In the last issue , We introduced sync.Once How to protect exactly once semantics , In this issue, we introduce package sync Another tool class under ：sync.WaitGroup.

Two 、 Why `WaitGroup`？

Imagine a scene ： We have a user portrait service , When a request comes , need

from request Parsing out user_id and Portrait dimension parameters
according to user_id from ABCDE Five sub services （ Database services 、 Storage service 、rpc Service etc. ） Pull information from different dimensions
Integrate the information read , Return to caller

hypothesis ABCDE Response time for five services p99 yes 20~50ms Between . If we call ABCDE Read information , Regardless of the time consumed by data consolidation , The overall response time of the server p99 yes ：

sum(A, B, C, D, E) => [100ms, 250ms]

Let's not say whether it can be accepted in business , There is obviously a lot of room for optimization in response time . The most intuitive optimization direction is , The total time consumption of access logic ：

sum(A, B, C, D, E) -> max(A, B, C, D, E)

Specific to the coding On , We need to call in parallel ABCDE Five sub services , To be called All After returning , Data integration . How to protect All How about going back ？

here ,sync.WaitGroup Glaring debut .

3、 ... and 、`WaitGroup` usage

The official document is right WaitGroup The description of is ： One WaitGroup Object can wait for a set of coroutines to end . How to use it ：

main By calling wg.Add(delta int) Set up worker The number of coprocesses , Then create worker coroutines ;
worker After the execution of the program , Call the wg.Done();
main Coroutine call wg.Wait() And be block, Until all the worker When all the programs are executed, it returns .

Here's a typical example ：

// src/cmd/compile/internal/ssa/gen/main.go
func  main() {
  //  Omitted code  ...
  var wg sync.WaitGroup
  for _, task := range tasks {
    task  := task
    wg.Add(1)
    go func() {
      task()
      wg.Done()
    }()
  }
  wg.Wait()
  //  Omitted code ...
}

This example has WaitGroup Most of the elements of proper use , Include ：

wg.Done Must be in all wg.Add After performing , So make sure that both functions are in main Call in association ;
wg.Done stay worker Call in the coroutine , In particular, make sure to call once , Can't because panic Or for any reason （ It is recommended to use defer wg.Done()）;
wg.Done and wg.Wait There is no order in time sequence .

Careful friends may find a very strange line of code ：

task  := task

Go Yes array/slice When traversing ,runtime Will be able to task[i] copy to task Memory address of , Subscript i Will change , and task The memory address of will not change . If you don't do this assignment , all goroutine Maybe all I read is the last one task.

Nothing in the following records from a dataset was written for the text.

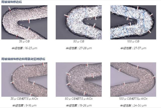 經(jīng)過吉川公司工藝工程師測試,用氧化鋁砂進行定向的噴砂處理可以去除氧化層,平滑表面缺陷并改善外圍支架的表面質(zhì)量。支架的受損區(qū)域很脆,但基礎材料鎳鈦諾卻具有延展性。氧化鋁噴砂磨料使用去氧化層,并且對韌性基體的侵蝕最小,從而在支架撐桿的整個長度上形成均勻的表面光潔度。 市場最新的支架設計和醫(yī)療植入物要求更大的邊緣倒圓角。圓形邊緣降低了被植入物卡住,其他風險的可能性。氧化鋁微噴丸的半徑為5-15 m,但新的幾何尺寸指定為接近25 m。該半徑可以通過三種途徑實現(xiàn):延長噴砂周期,使用更大尺寸的氧化鋁或完全使用其他磨料。通過測試,我們了解到更長的噴砂周期可以去除更多的團塊,而較大尺寸的氧化鋁會產(chǎn)生過于粗糙而無法拋光的表面。畢竟,氧化鋁顆粒的形狀為塊狀,邊緣稍尖。這給了我們一個可行的選擇:嘗試使用其他類型的磨料。為了克服這一障礙,我們測試了幾種類型的介質(zhì),發(fā)現(xiàn)用玻璃珠噴砂可以在拐角處形成所需的半徑(最大30 m),而不會除去設備的額外質(zhì)量。結(jié)果是氧化鋁的質(zhì)量提高了十倍。經(jīng)過吉川公司工藝工程師的測試事實說明了結(jié)果的差異。用氧化鋁噴砂處理過的樣品的半徑僅為8-13 m,而用玻璃珠噴砂處理過的樣品的半徑為24-30 m。 經(jīng)過吉川公司工藝工程師最終測試事實證明,最好的心臟支架噴砂工藝需要用氧化鋁砂粗噴砂、再用玻璃珠微噴砂是目前最好的一種噴砂工藝方式。 經(jīng)過粗噴、微噴的產(chǎn)品外徑和內(nèi)徑轉(zhuǎn)角處的半徑可以實現(xiàn),而所需的附加材料去除最少。半徑的大小可以有效地控制,因為它是基于圓形磨料,玻璃珠的大小和速度的。可以控制具有附加半徑的支架區(qū)域。通過機械加工表面,有助于保持支架的疲勞壽命。玻璃珠磨料通常用于必須保持嚴格公差的噴丸處理應用中。玻璃珠對支架表面進行噴丸處理,不會去除任何材料或數(shù)量可忽略不計的材料。如下所示,玻璃珠的尺寸很重要。玻璃珠的尺寸越大;邊緣越圓。玻璃珠有35 ,50 和100 兩種。讓我們看一下使用每種尺寸的樣本測試的結(jié)果。此處顯示的未噴砂的支架表面(500x)邊緣鋒利,并受到制造損壞。半徑范圍僅為3-8 m。為什么用兩種磨料處理比單獨用氧化鋁處理好? 玻璃珠無法消除制造過程中產(chǎn)生的浮渣,回彈和其他損壞;只有氧化鋁可以。氧化鋁不能產(chǎn)生真正的圓形邊緣。但是,它確實可以提供電拋光所需的理想表面光潔度。一個不能替代另一個。通過使用多步驟過程,植入物表面可以使用經(jīng)過驗證的相同設備獲得兩全其美的效果。在該過程中添加第二種研磨劑聽起來可能需要更多的勞動力,但實際上比其他修邊過程更有效。例如,電拋光可以產(chǎn)生較大的半徑,但它也會從整個零件中去除過多的材料,而不僅僅是角部,從而損害了支架的疲勞壽命。
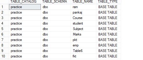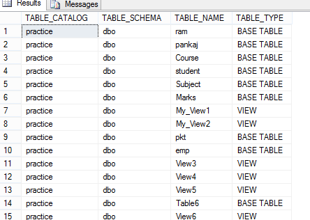 INFORMATION_SCHEMA.TABLESThis Information_Schema returns all the tables present in the current database. It also returns all the view names present in the database. System_View returns Table_Name and Table_Types. This System_View is used when we want to find all the tables and views present in a database.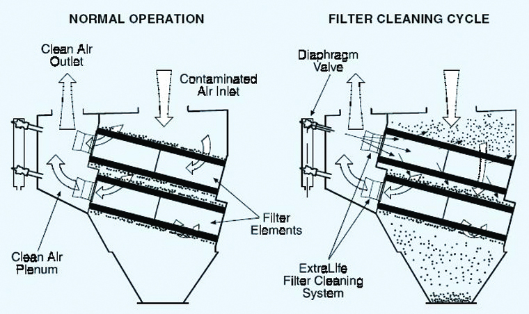 2、煙塵在風(fēng)機風(fēng)動力作用下,經(jīng)過抽風(fēng)管道,進(jìn)入濾筒表面。由于氣流截面突然擴大及氣流分布板的作用,風(fēng)速驟降,氣流中一部分粗大顆粒在風(fēng)動力和慣性力的作用下相互碰撞,自然沉降到底部集灰斗;粒度細(xì)、密度小的塵粒,通過擴散和篩濾等組合效應(yīng),沉積在濾筒濾料的外表面上而被攔截。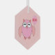 This ornament features a cute cartoon of a pink owl with sleepy eyes, a small beak and cute little feet. The owl is holding a bubblegum pink balloon. There is bright red text inside the balloon that says, “Love you”. This is the perfect gift for showing someone special how much you love them.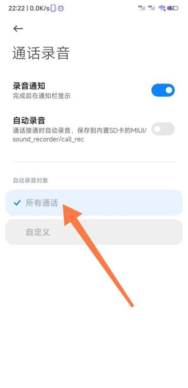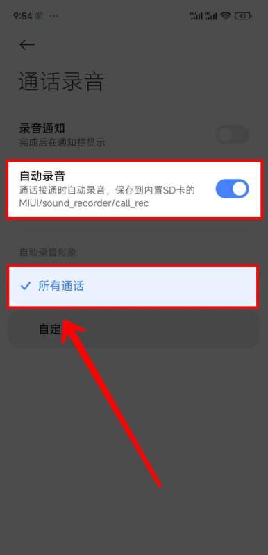 在下方选项中勾选【所有通话】,确保所有来电和去电均自动录音。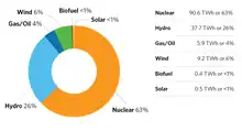 In 2013, the leading type of power generation by utilities in Canada is hydroelectricity, with a share of 60.1%. Nuclear (15.8%), natural gas (10.3%), coal (10%), wind (1.8%), fuel oil (1.2%), biofuels and waste (0. 8%), wood (0.4%) and solar (0.1%) follow. Other sources, such as petroleum coke make up the remaining 0.5%.[25][26][27]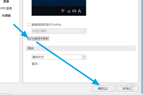 这里我们去失落勾选查抄程序更新,最后点击确认即可。这样今后它就不会提醒有新版本了。

In order to give you an intuitive feeling , Let's experiment with the following code ：

package main

import (
  "fmt"
  "unsafe"
)

func main() {
  tasks := []func(){
    func() { fmt.Printf("1. ") },
    func() { fmt.Printf("2. ") },
  }

  for idx, task := range tasks {
    task()
    fmt.Printf(" Traverse  = %v, ", unsafe.Pointer(&task))
    fmt.Printf(" Subscript  = %v, ", unsafe.Pointer(&tasks[idx]))
    task  := task
    fmt.Printf(" local variable  = %vn", unsafe.Pointer(&task))
  }
}

The printed result of this code is ：

1.  Traverse  = 0x40c140,  Subscript  = 0x40c138,  local variable  = 0x40c150
2.  Traverse  = 0x40c140,  Subscript  = 0x40c13c,  local variable  = 0x40c158

Printing results are different on different machines , But they have something in common ：

Ergodic time , The memory address of the data remains unchanged
When accessing data by subscript , Different memory addresses
for-loop Local variables created within , Even if the name is the same , Memory addresses will not be reused

Use WaitGroup when , In addition to the precautions mentioned above , We also need to solve the problem of data collection and exception handling . Here we also provide two ways for reference ：

about rpc call , Can pass data channel and error channel Gather information , Or two in one channel
Shared variables , Like locked map

Four 、`WaitGroup` Realization

Before we discuss the subject , Readers are advised to think about it first ： If you're going to make it happen WaitGroup, What would you do ？

lock ？ Definitely not ！

Semaphore ？ How to achieve ？

------------ Cut to the chase ------------

stay Go Source code ,WaitGroup Include logically ：

worker Counter ：main Coroutine call wg.Add(delta int) Increase when delta, call wg.Done Time minus one .
waiter Counter ： call wg.Wait when , Add one counter ; worker Counter down to 0 when , Reset waiter Counter .
Semaphore ： For blocking main coroutines . call wg.Wait when , adopt runtime_Semacquire Acquisition semaphore ; Reduce waiter Counter time , adopt runtime_Semrelease Release semaphore .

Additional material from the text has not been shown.